Havia também um mendigo chamado Lázaro, o qual, coberto de chagas, estava deitado a sua porta, desejando saciar-se com as migalhas que caíam da mesa do rico; porém até os cães vinham lamber-lhe as chagas.” (Lc 16, 20-21)

O dia dezassete de setembro de 2.003 foi o último da minha pobre Úrsula – vulgo Ursa – neste mundo. Morreu após a longa alegria que nos proporcionou e uma breve agonia. Tinha doze anos completos e ficamos com dois dos nove filhotes paridos após a única prenhez. Duas, na verdade: Serena e Cigana. Ursa era uma cadela de raça pastor-alemão relativamente apurada.
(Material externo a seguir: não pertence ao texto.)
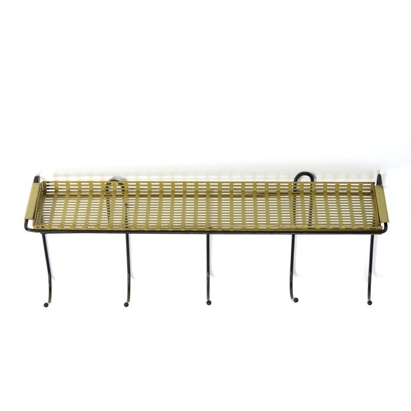 Vintage wandrek uit de eind vijftiger jaren in de stijl van Pilastro. Het rekje kan gebruikt worden als kapstok, maar ook als bijvoorbeeld pannenrekje. Het frame is zwart en het plankje is groen van kleur. De conditie is redelijk goed gezien de leeftijd, er zijn lichte gebruikssporen passend bij de leeftijd, zie de details. De afmetingen zijn 51 cm lang, 13,5 cm diep en 22,5 cm hoog.

Detestava, como eu detesto, fogos de artifício, por vezes sendo necessário recorrer a tranqüilizantes. Transmitiu esta aversão a pelo menos duas filhas. Escolheu meu pai como dono – ou membro alfa de sua matilha, como preferem os estudiosos – mas atendia a todos e a todos recorria em sua eterna carência. Falta de agrado não era, pois vivíamos aos abraços. De todas as pessoas de casa, apenas nossa faxineira fugia-lhe da predileção. Qualquer um poderia ser seu predileto, mesmo as pessoas vistas uma vez na rua e nunca mais. Um afago era suficiente. Seu posto era a porta do quintal, defronte a qual se deitava e no melhor da sesta virava-se com a barriga para cima apoiando nela – na porta – suas pernas. Abríamos a porta e ela tombava com as patas para dentro, acordava e balançava a cauda, ainda com os olhos pejados de sono. Logo, porém, corria latindo em busca das outras.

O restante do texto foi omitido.